START DATA LISTING

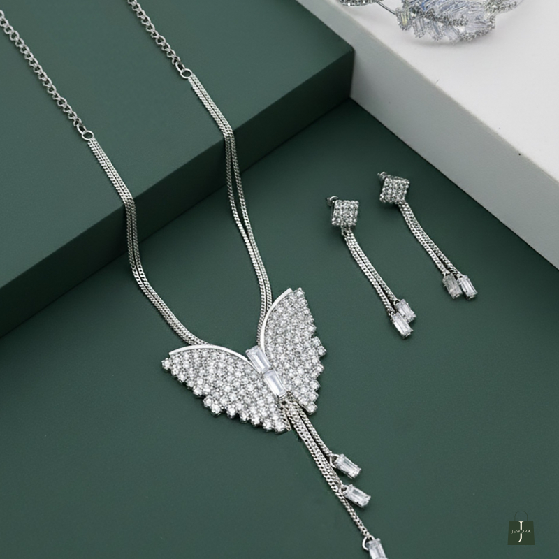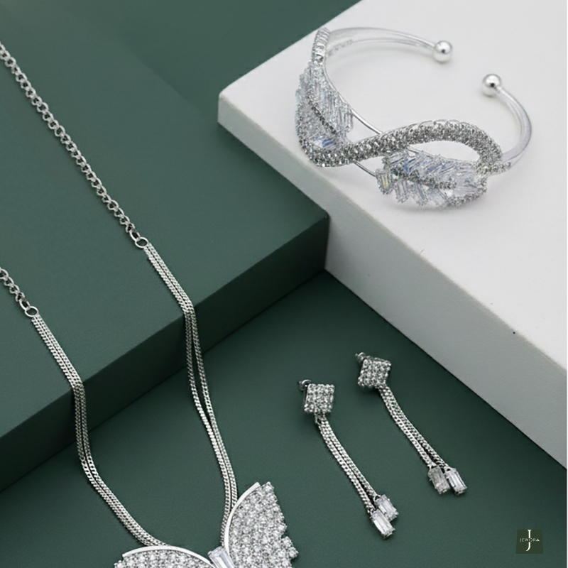 A luxurious and eye-catching jewellery set featuring a dazzling butterfly-inspired pendant crafted with shimmering white stones. The pendant is paired with sleek multi-layer chain detailing and elegant crystal drop accents for added movement and sparkle. The set includes matching drop earrings and a beautifully designed open cuff bracelet adorned with intricate stone work. Perfect for weddings, receptions, cocktail parties, and grand festive occasions, this set brings a refined glamour to any outfit.
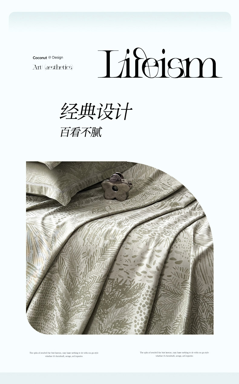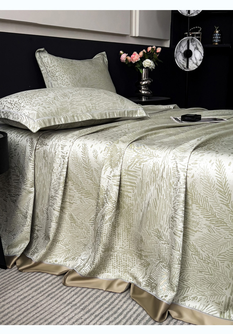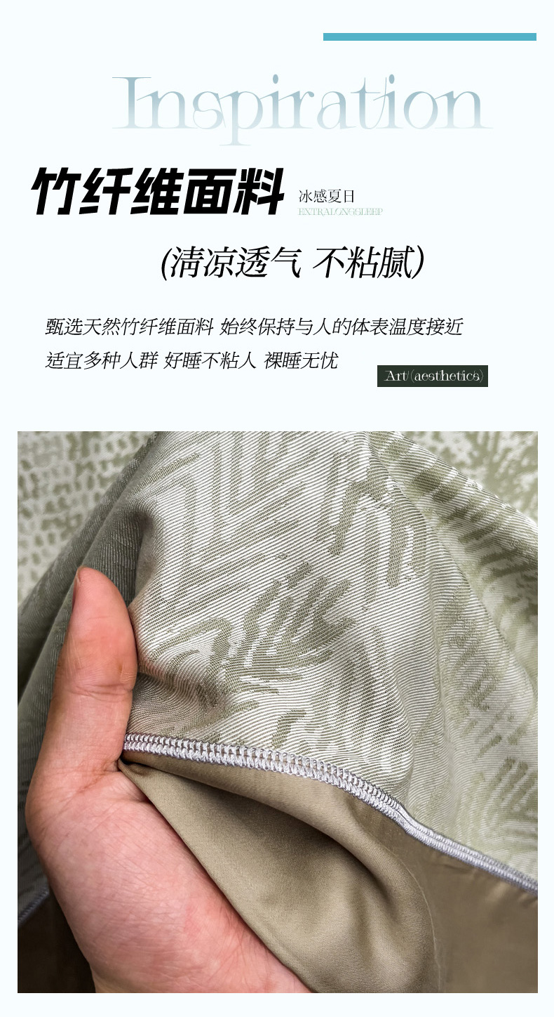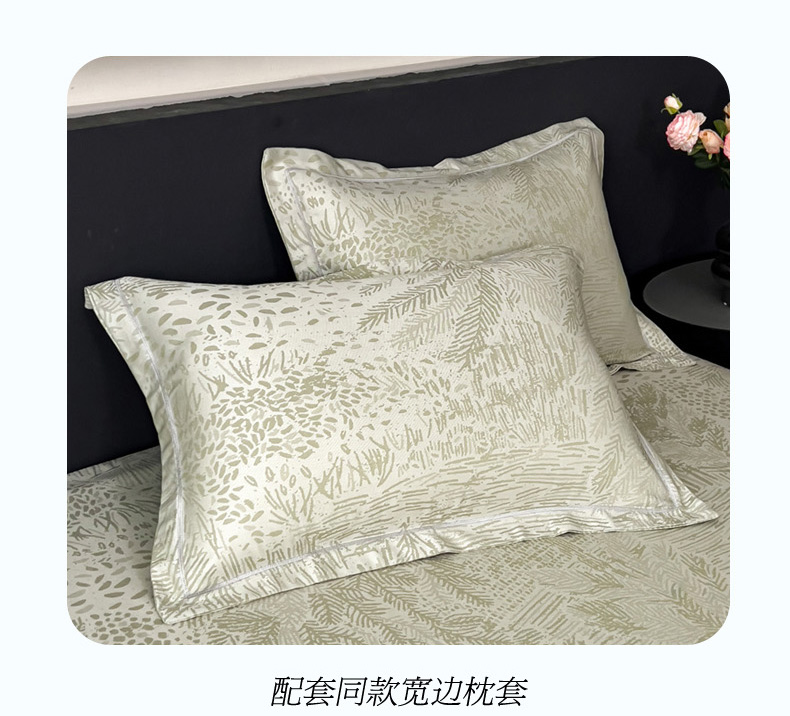 商品名称:印季家纺 2026新款色织提花100%竹纤维床单凉席 素叶浅吟-薄荷绿
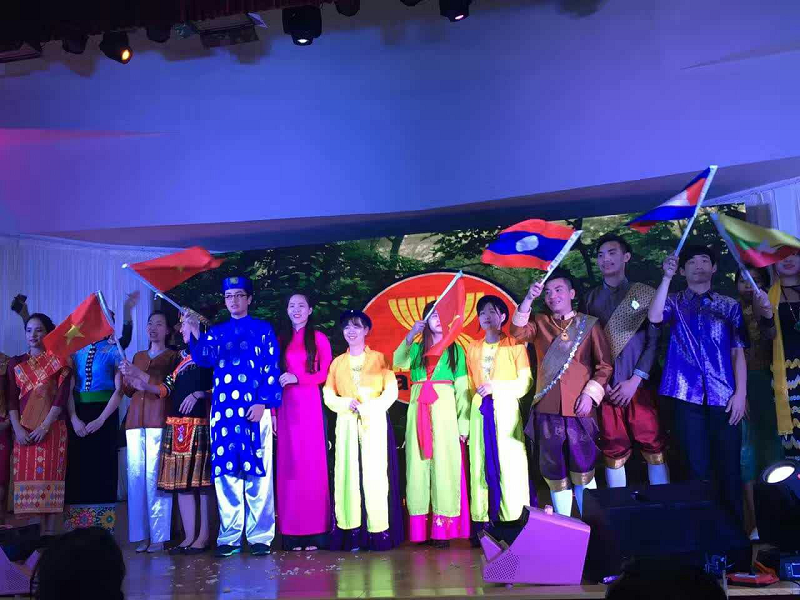 来自东盟10国的168名留学生,以歌曲、舞蹈、杂技、乐器演奏、服装秀和武术表演等多种形式,向在场观众展示了东盟各国独具特色的民俗文化和风土人情。中国与东盟各国一衣带水、唇齿相依,整场晚会以“和谐东盟”为主题,充分彰显了当代中国青年与东盟学生间的深厚友谊,以文化为载体集中展现了中国与东盟国家在高等教育领域合作中所取得的丰硕成果。
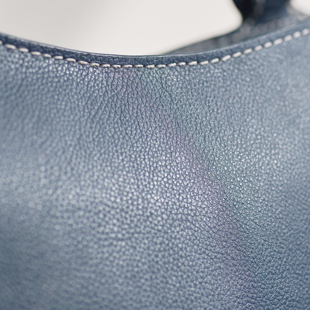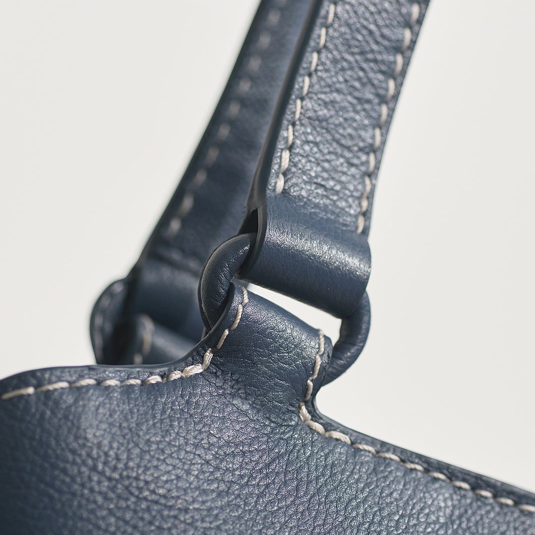 ハンドルと胴体をつなぐリングには金具を使わず、レザーでつくることで、ふっくらと優しい印象を細部まで感じていただけるようにしました。ハンドルの付け根は、特徴的な形にカットされたレザーと手縫いを組み合わせることで、胴体をリングに巻き付けハンドルとボディの美しい一体感をつくり、バッグ全体が継ぎ目なく、なだらかにつながっていきます。
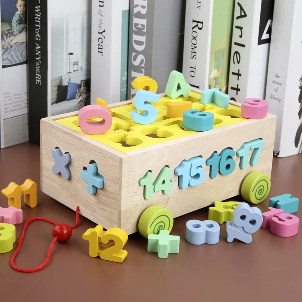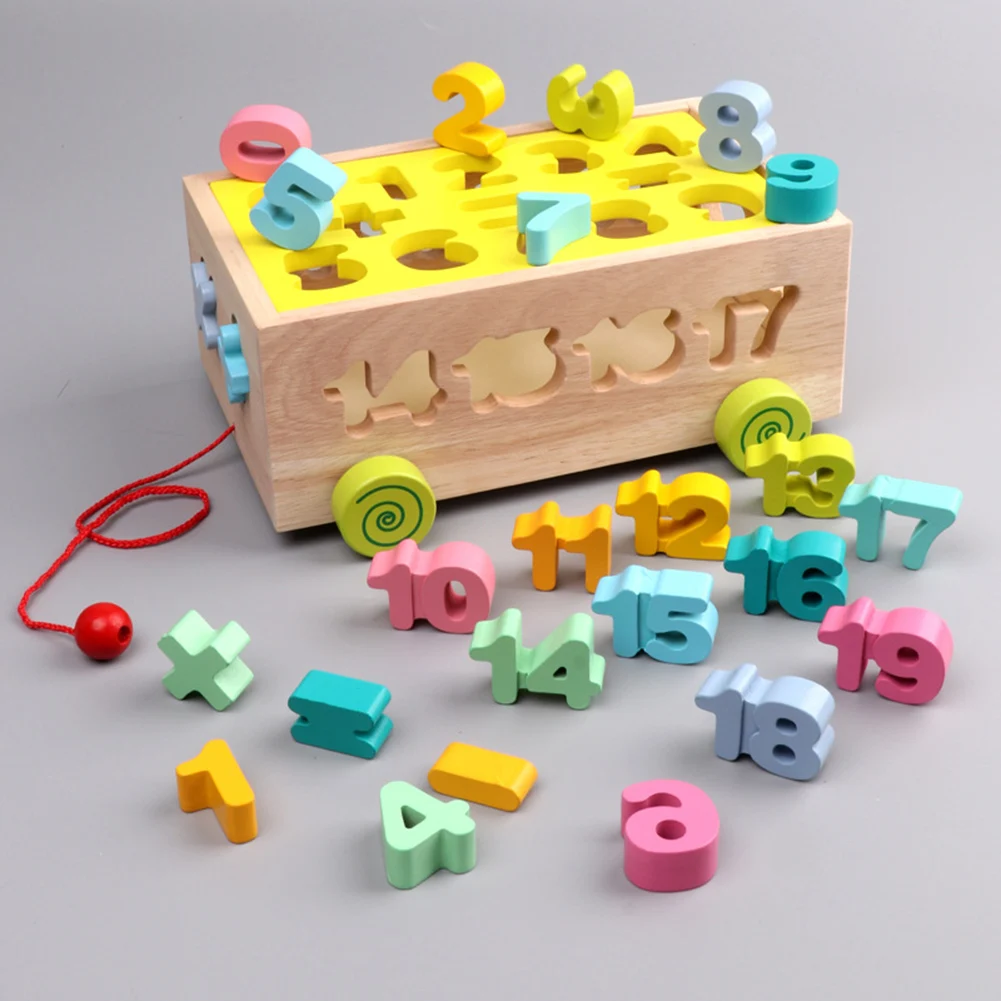 Деревянные тянущиеся цветные блоки в форме цифр, обучающие игрушки для детей
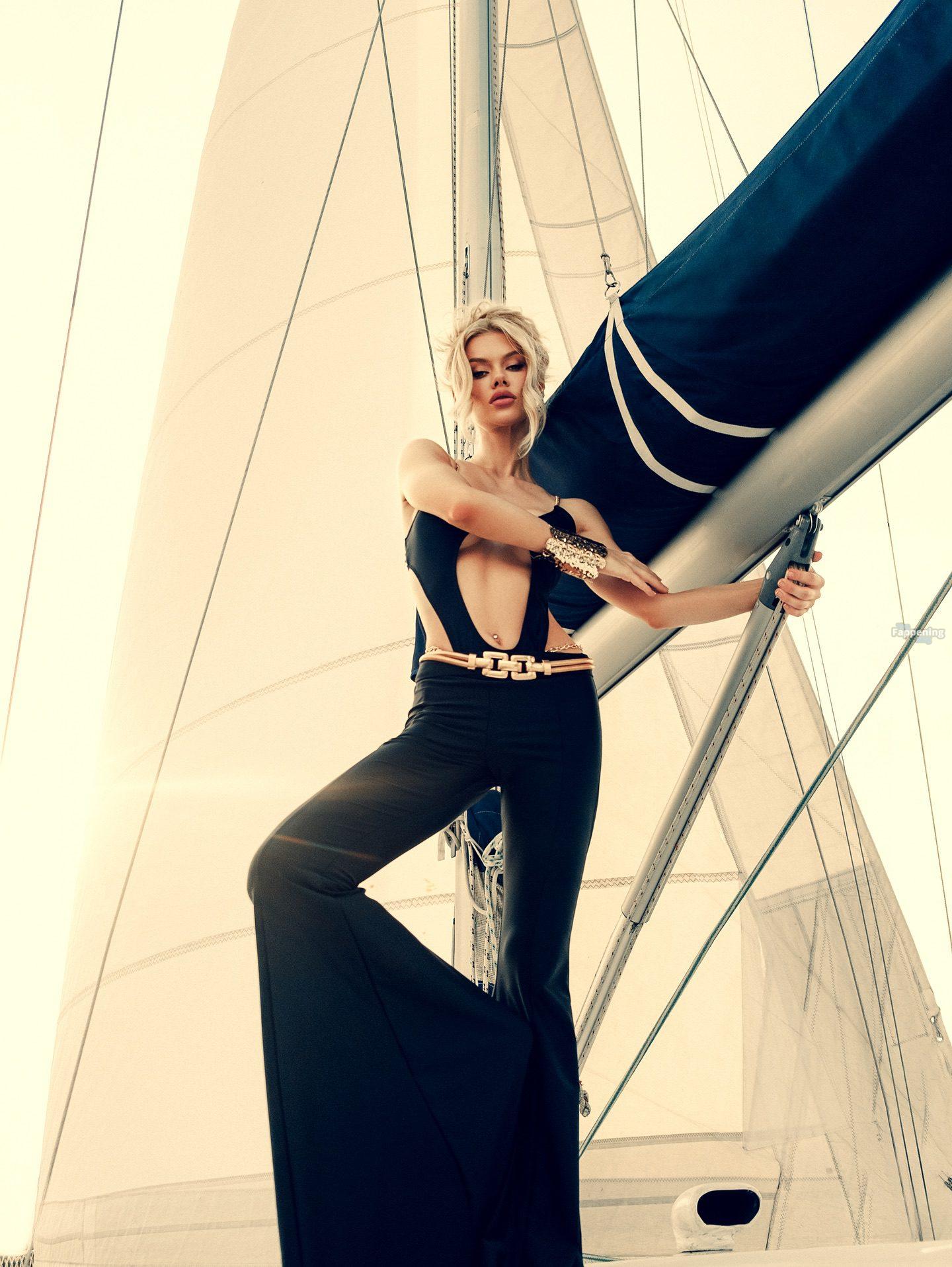 Viktoria Apanasenko montre ses seins, portant un body sexy découpé dans une séance photo torride sur un yacht par Iryna Rul.
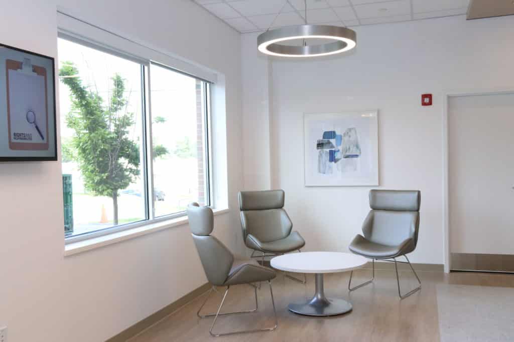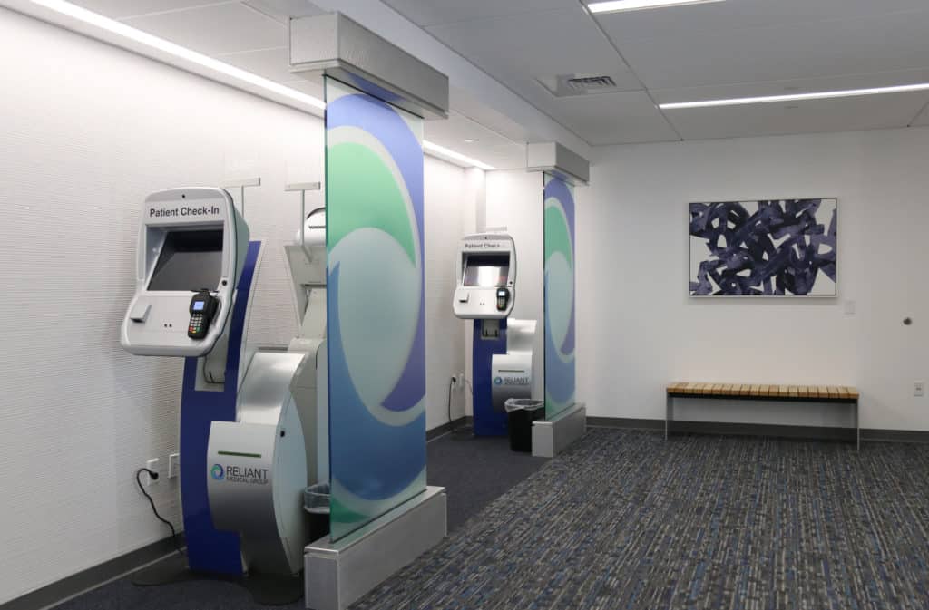 Holden Location, Reliant Medical Group Waiting room lined with chairs Exam rooms Waiting room with chairs Computer screen in the exam room with Reliant logo on it Registration desk at the Holden pediatrics waiting room
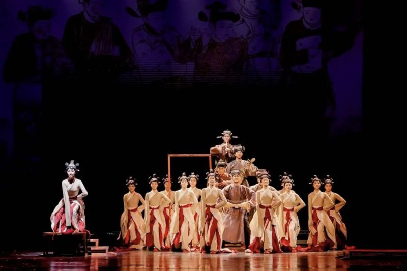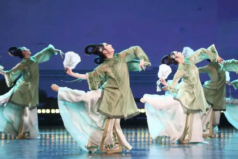 以清代《执扇就座仕女图》为范本,将东方美学融入行云流水般的舞姿之中,表现了清代仕女在画中的意境:她们手执团扇、三五成群,“轻罗小扇扑流萤”“云卷云舒、踏歌起舞”。细腻勾勒清代女性的温婉柔美,传递和美团圆的美好寓意,投射出中国传统文化的民族精神与内涵。该作品荣获荷花奖剧目金奖、桃李杯全国优秀剧目奖,以创新形式让文物实现“活态”传承。
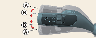 Натиснете лостчето за мигачите нагоре или надолу (В).
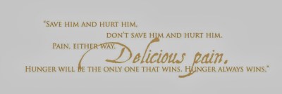 “Save him and hurt him, don’t save him and hurt him. Pain, either way. Delicious pain. Hunger will be the only one that wins. Hunger always wins.”
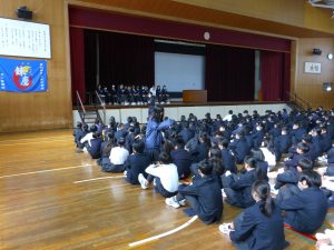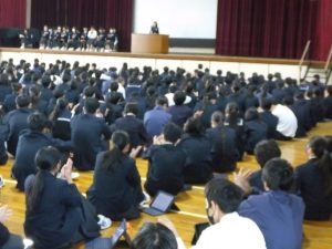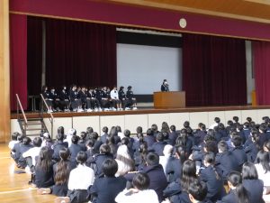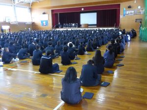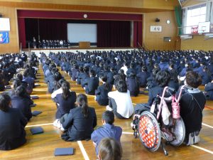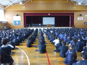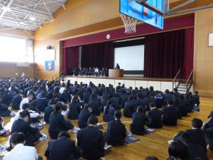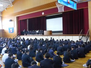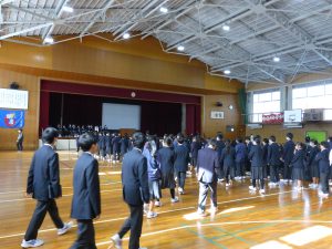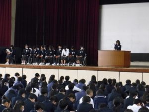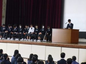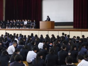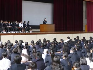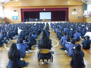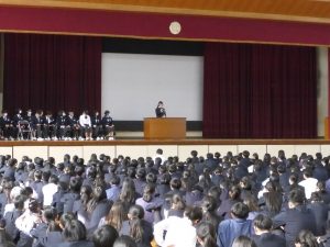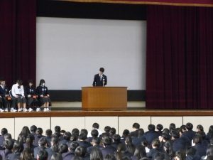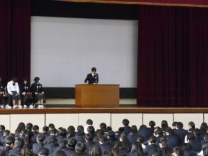 11月27日(木)の4限に生徒総会が行われました。生徒会・各委員会・各学年室長会から後期の活動方針が示され、承認されました。日程の都合で後期の活動期間が短くなってしまいましたが、3年生から1・2年生に引き継ぐ大切な活動になります。1・2年生の皆さん、3年生に成長した姿を見せましょう。

END DATA LISTING

» WHAT NEEDS TO BE DONE
Set down every record exactly as written, but drop the pictures.

» SOLVED PROBLEM
 A luxurious and eye-catching jewellery set featuring a dazzling butterfly-inspired pendant crafted with shimmering white stones. The pendant is paired with sleek multi-layer chain detailing and elegant crystal drop accents for added movement and sparkle. The set includes matching drop earrings and a beautifully designed open cuff bracelet adorned with intricate stone work. Perfect for weddings, receptions, cocktail parties, and grand festive occasions, this set brings a refined glamour to any outfit.
 商品名称:印季家纺 2026新款色织提花100%竹纤维床单凉席 素叶浅吟-薄荷绿
 来自东盟10国的168名留学生,以歌曲、舞蹈、杂技、乐器演奏、服装秀和武术表演等多种形式,向在场观众展示了东盟各国独具特色的民俗文化和风土人情。中国与东盟各国一衣带水、唇齿相依,整场晚会以“和谐东盟”为主题,充分彰显了当代中国青年与东盟学生间的深厚友谊,以文化为载体集中展现了中国与东盟国家在高等教育领域合作中所取得的丰硕成果。
 ハンドルと胴体をつなぐリングには金具を使わず、レザーでつくることで、ふっくらと優しい印象を細部まで感じていただけるようにしました。ハンドルの付け根は、特徴的な形にカットされたレザーと手縫いを組み合わせることで、胴体をリングに巻き付けハンドルとボディの美しい一体感をつくり、バッグ全体が継ぎ目なく、なだらかにつながっていきます。
 Деревянные тянущиеся цветные блоки в форме цифр, обучающие игрушки для детей
 Viktoria Apanasenko montre ses seins, portant un body sexy découpé dans une séance photo torride sur un yacht par Iryna Rul.
 Holden Location, Reliant Medical Group Waiting room lined with chairs Exam rooms Waiting room with chairs Computer screen in the exam room with Reliant logo on it Registration desk at the Holden pediatrics waiting room
 以清代《执扇就座仕女图》为范本,将东方美学融入行云流水般的舞姿之中,表现了清代仕女在画中的意境:她们手执团扇、三五成群,“轻罗小扇扑流萤”“云卷云舒、踏歌起舞”。细腻勾勒清代女性的温婉柔美,传递和美团圆的美好寓意,投射出中国传统文化的民族精神与内涵。该作品荣获荷花奖剧目金奖、桃李杯全国优秀剧目奖,以创新形式让文物实现“活态”传承。
 Натиснете лостчето за мигачите нагоре или надолу (В).
 “Save him and hurt him, don’t save him and hurt him. Pain, either way. Delicious pain. Hunger will be the only one that wins. Hunger always wins.”
 11月27日(木)の4限に生徒総会が行われました。生徒会・各委員会・各学年室長会から後期の活動方針が示され、承認されました。日程の都合で後期の活動期間が短くなってしまいましたが、3年生から1・2年生に引き継ぐ大切な活動になります。1・2年生の皆さん、3年生に成長した姿を見せましょう。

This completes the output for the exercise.